Goal of the exercise:
Where the records contain images, omit them, and repeat everything else word for word.
═════ Given information ═════
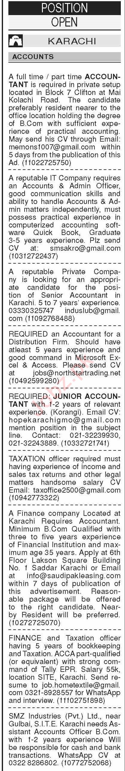Private Company jobs advertisement dated about 25 December 2023 in daily Dawn Newspaper invites application for the vacant post of accountant, senior accountant, accounts officer, taxation officer, junior accountant, admin officer and assistant accounts officer in Karachi, karachi Sindh Pakistan. Candidates with BBA, Bachelor, B.com, M.com, ACCA and MBA etc. educational background will be preferred.
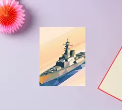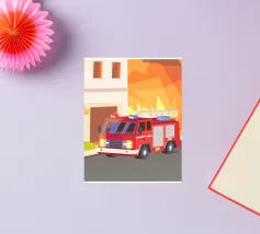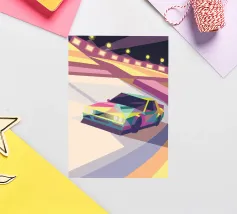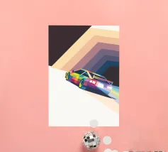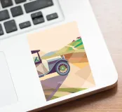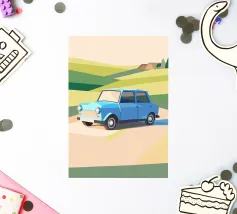 Holen Sie sich eine Illustration eines Oldtimers, der in der Landschaft fährt, in einem einzigartigen geometrischen Stil.
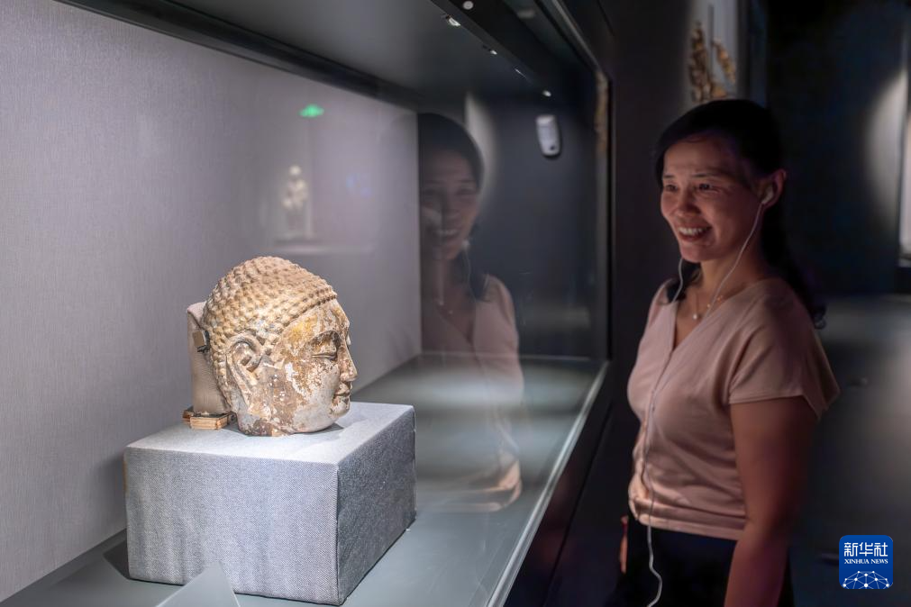 8月16日,观众在鄂尔多斯市博物院观赏建造于北齐的彩绘石雕菩萨像。
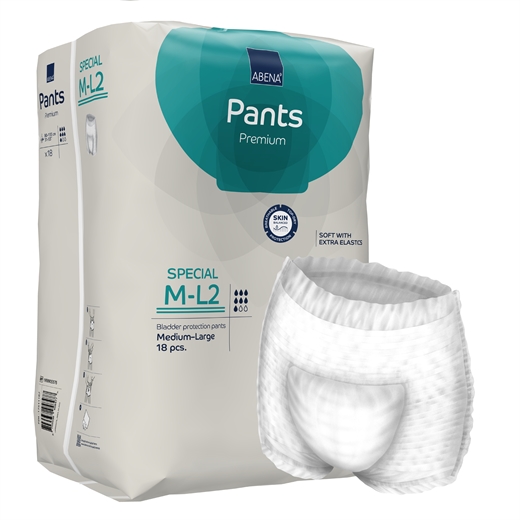 ABENA Pants Special er en førsteklasses serie af buksebleer til moderat inkontinens, der kan anvendes som normalt undertøj. Produkterne har en unik elasticitet i både ben- og skridtområdet, hvilket giver den ultimative pasform under fysisk aktivitet. Produkterne er forsynet med Top-Dry teknologi, der sikrer tør overflade, hvilket beskytter huden og øger komforten. Buksebleerne har et moderne design, er lavet af åndbart materiale og forsynet med lækagebarrierer, der yder ekstra beskyttelse. Kombinationen af disse funktioner hjælper med at beskytte huden og opretholde en naturlig hudbalance. De elastiske tråde giver en sikker og behagelig pasform og Odor-systemet minimerer risikoen for ubehagelige lugtgener.
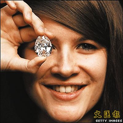 1995年拍賣的100.10克拉梨形鑽石「季節之星」,以破紀錄拍賣價約1,655萬美元(約1.3億港元)成交。 ■《紐約郵報》/英國廣播公司
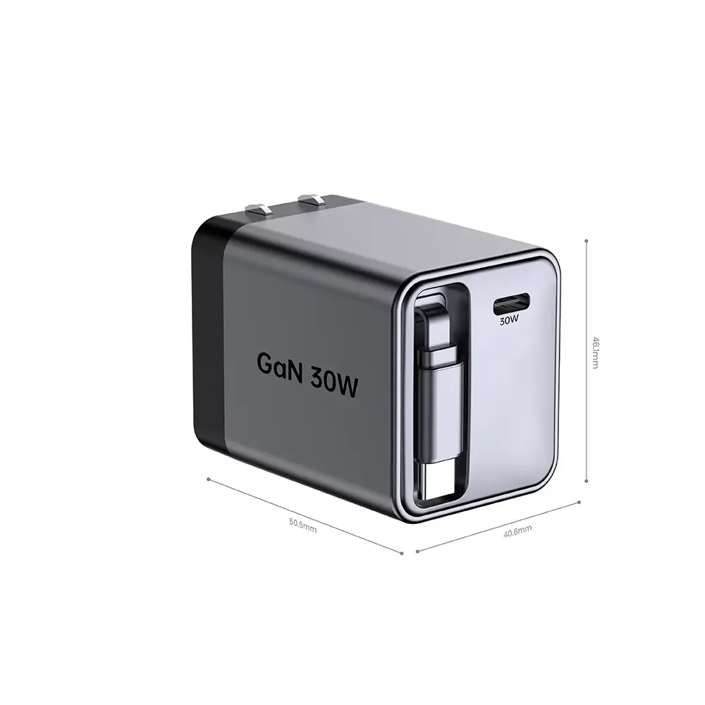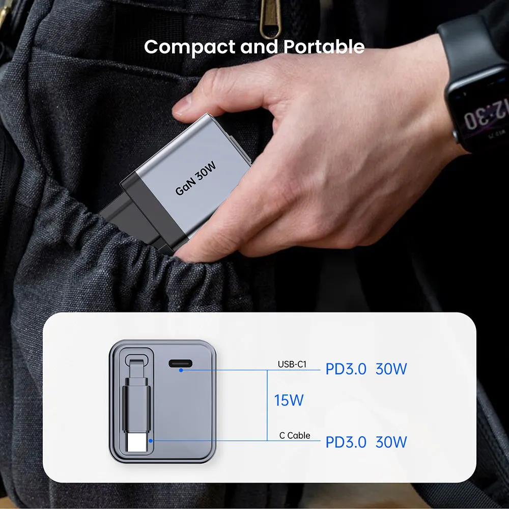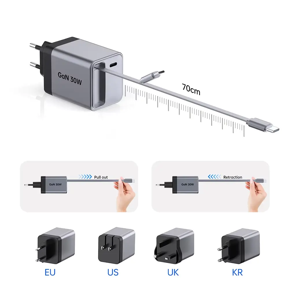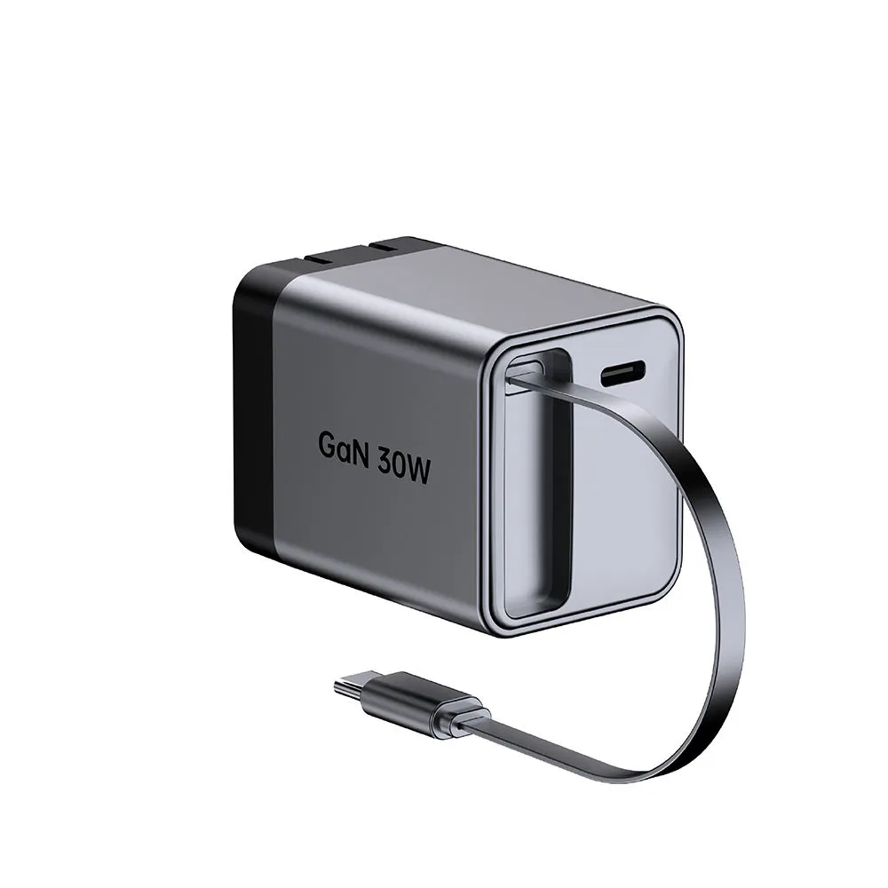 30W, geri çəkilə bilən tip C kabel xüsusiyyətləri olan sürətli şarj cihazı:
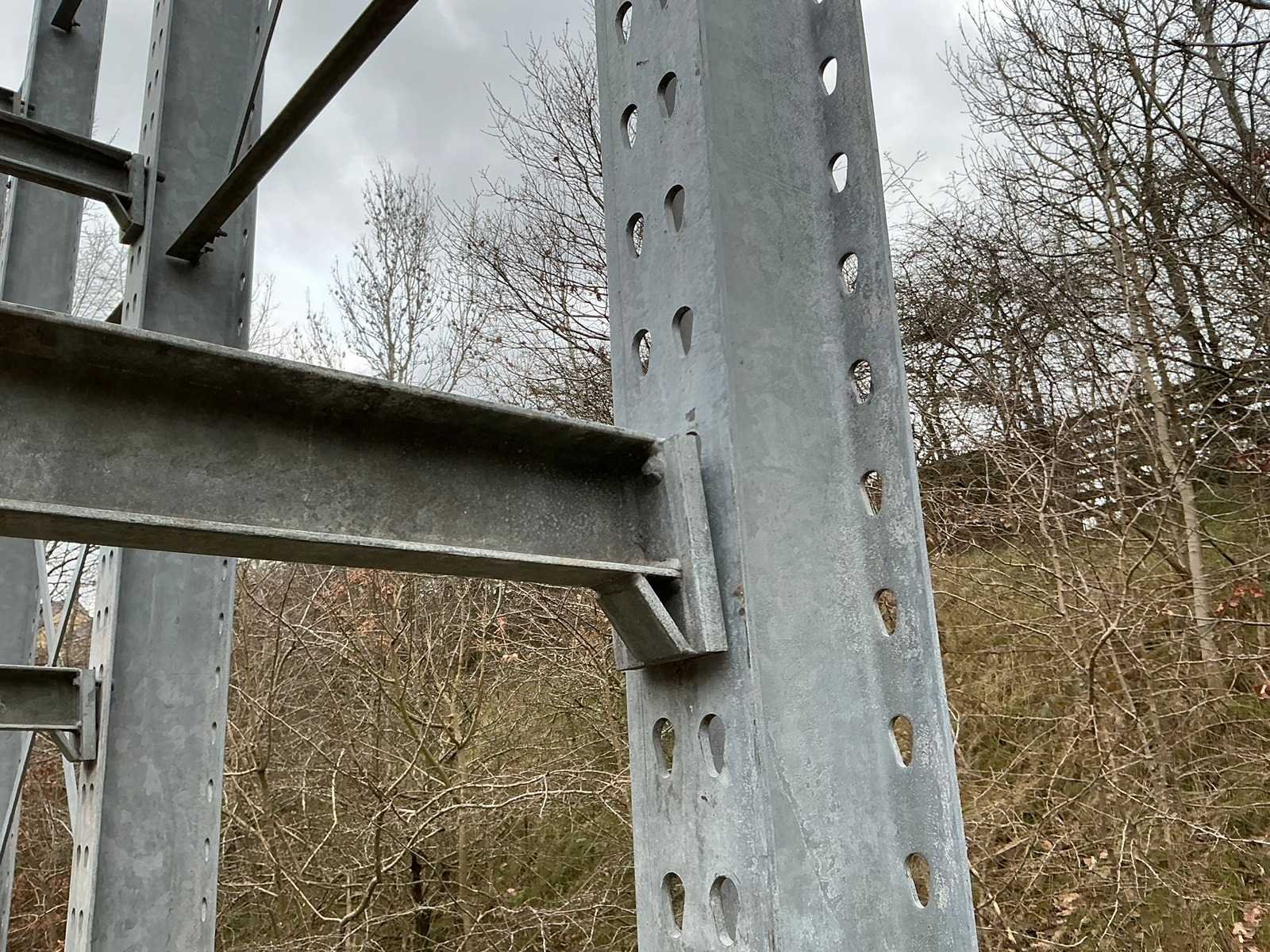 Dit kavel heeft 14 staanders en 42 armen; Reeds gedemonteerd; wordt gedemonteerd uitgeleverd; staander; armen in hoogte verstelbaar; kolomhoogte 5000mm; gegalvaniseerd; armlengte 1240mm; draaglast 1000kg per arm; Sectie afm. h: 5000mm Aantal staanders: 14 Aantal liggers: 42
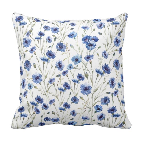Poduszeczka z pięknymi polskimi kwiatami chabrami. Kwiaty te przez każdego kojarzone są z polska wsią, z łanami kolorowych i złocistych zbóż. Chabry są bardzo cenną i ciekawą rośliną ozdobną a do tego niezwykle dekoracyjną i jednocześnie łatwa i przyjemną w uprawie. Nie każdy jednak lubi pracę w ogrodzie i pomiędzy grządkami. Nie wszyscy rodzą się ogrodnikami i mogą sobie pozwolić na wyhodowanie tychże ślicznych kwiatów. Nic straconego, taka poduszeczka przychodzi do Ciebie z odsieczą. Będzie przecudowną dekoracją na każdej sofie i kanapie przywołując na myśl letnie wspomnienia czy wiosenną aurę. Biała poduszeczka z niebiesiutkimi kwiatami będzie prześliczną ozdobą w pokoju kobiety urządzonym z sercem i gustem. Spodoba się Pani, która ceni sobie elegancje, kunszt i styl w każdym wydaniu. Nie pogardzi tą gustowną poduszeczką osoba ,która kocha kwiaty i naturę.
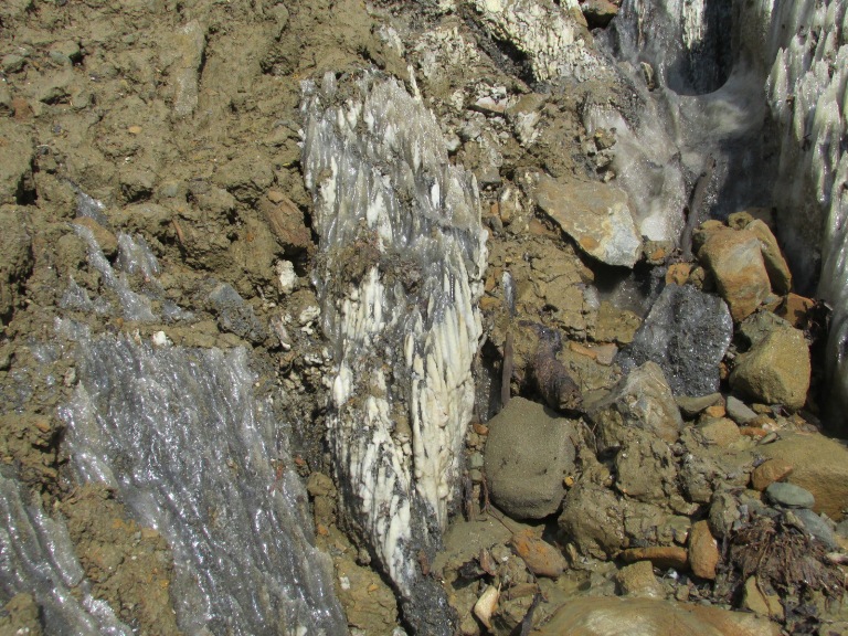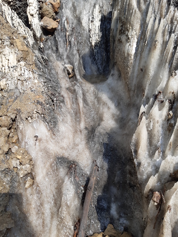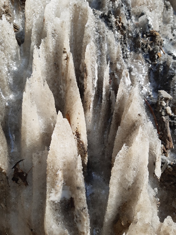 La poalele versanților de sare, intermitent, ies la suprafață izvoare cu apă sărată, formează canale și bălți mici care, sub acțiunea soarelui, se evaporă. Sarea rămasă pe sol, pietre, crengi, cristalizează și formează cruste, inițial mici cât bobul de mazăre. Cu cât fenomenul se perpetuează, sarea acoperă suprafețe tot mai mari.
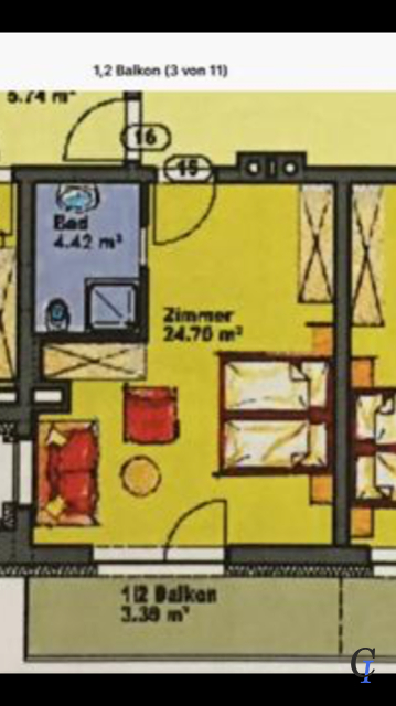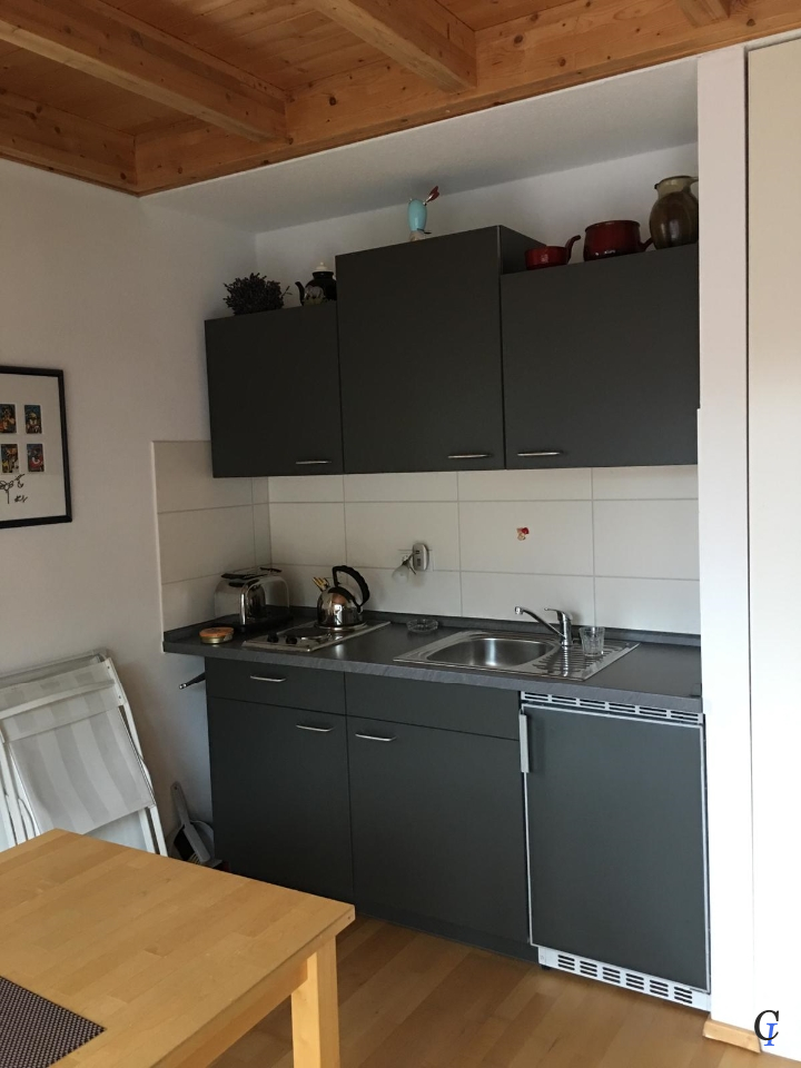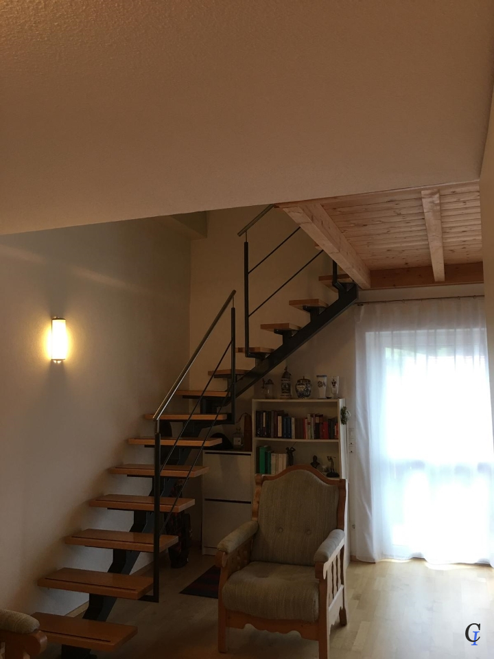 Im Wohnraum eine kleine Küchenzeile. Über eine kleine Treppe erreicht man den Schlafbereich mit Schräge. In der Wohnung befindet sich ein Duschbad ohne Fenster. Die Wohnung ist Barrierefrei und ist über eine Treppe oder Fahrstuhl zu erreichen. Zur Wohnung gehört ein Keller und ein Außenstellplatz für PKW.
═════
Exercise output:
Private Company jobs advertisement dated about 25 December 2023 in daily Dawn Newspaper invites application for the vacant post of accountant, senior accountant, accounts officer, taxation officer, junior accountant, admin officer and assistant accounts officer in Karachi, karachi Sindh Pakistan. Candidates with BBA, Bachelor, B.com, M.com, ACCA and MBA etc. educational background will be preferred.
 Holen Sie sich eine Illustration eines Oldtimers, der in der Landschaft fährt, in einem einzigartigen geometrischen Stil.
 8月16日,观众在鄂尔多斯市博物院观赏建造于北齐的彩绘石雕菩萨像。
 ABENA Pants Special er en førsteklasses serie af buksebleer til moderat inkontinens, der kan anvendes som normalt undertøj. Produkterne har en unik elasticitet i både ben- og skridtområdet, hvilket giver den ultimative pasform under fysisk aktivitet. Produkterne er forsynet med Top-Dry teknologi, der sikrer tør overflade, hvilket beskytter huden og øger komforten. Buksebleerne har et moderne design, er lavet af åndbart materiale og forsynet med lækagebarrierer, der yder ekstra beskyttelse. Kombinationen af disse funktioner hjælper med at beskytte huden og opretholde en naturlig hudbalance. De elastiske tråde giver en sikker og behagelig pasform og Odor-systemet minimerer risikoen for ubehagelige lugtgener.
 1995年拍賣的100.10克拉梨形鑽石「季節之星」,以破紀錄拍賣價約1,655萬美元(約1.3億港元)成交。 ■《紐約郵報》/英國廣播公司
 30W, geri çəkilə bilən tip C kabel xüsusiyyətləri olan sürətli şarj cihazı:
 Dit kavel heeft 14 staanders en 42 armen; Reeds gedemonteerd; wordt gedemonteerd uitgeleverd; staander; armen in hoogte verstelbaar; kolomhoogte 5000mm; gegalvaniseerd; armlengte 1240mm; draaglast 1000kg per arm; Sectie afm. h: 5000mm Aantal staanders: 14 Aantal liggers: 42
Poduszeczka z pięknymi polskimi kwiatami chabrami. Kwiaty te przez każdego kojarzone są z polska wsią, z łanami kolorowych i złocistych zbóż. Chabry są bardzo cenną i ciekawą rośliną ozdobną a do tego niezwykle dekoracyjną i jednocześnie łatwa i przyjemną w uprawie. Nie każdy jednak lubi pracę w ogrodzie i pomiędzy grządkami. Nie wszyscy rodzą się ogrodnikami i mogą sobie pozwolić na wyhodowanie tychże ślicznych kwiatów. Nic straconego, taka poduszeczka przychodzi do Ciebie z odsieczą. Będzie przecudowną dekoracją na każdej sofie i kanapie przywołując na myśl letnie wspomnienia czy wiosenną aurę. Biała poduszeczka z niebiesiutkimi kwiatami będzie prześliczną ozdobą w pokoju kobiety urządzonym z sercem i gustem. Spodoba się Pani, która ceni sobie elegancje, kunszt i styl w każdym wydaniu. Nie pogardzi tą gustowną poduszeczką osoba ,która kocha kwiaty i naturę.
 La poalele versanților de sare, intermitent, ies la suprafață izvoare cu apă sărată, formează canale și bălți mici care, sub acțiunea soarelui, se evaporă. Sarea rămasă pe sol, pietre, crengi, cristalizează și formează cruste, inițial mici cât bobul de mazăre. Cu cât fenomenul se perpetuează, sarea acoperă suprafețe tot mai mari.
 Im Wohnraum eine kleine Küchenzeile. Über eine kleine Treppe erreicht man den Schlafbereich mit Schräge. In der Wohnung befindet sich ein Duschbad ohne Fenster. Die Wohnung ist Barrierefrei und ist über eine Treppe oder Fahrstuhl zu erreichen. Zur Wohnung gehört ein Keller und ein Außenstellplatz für PKW.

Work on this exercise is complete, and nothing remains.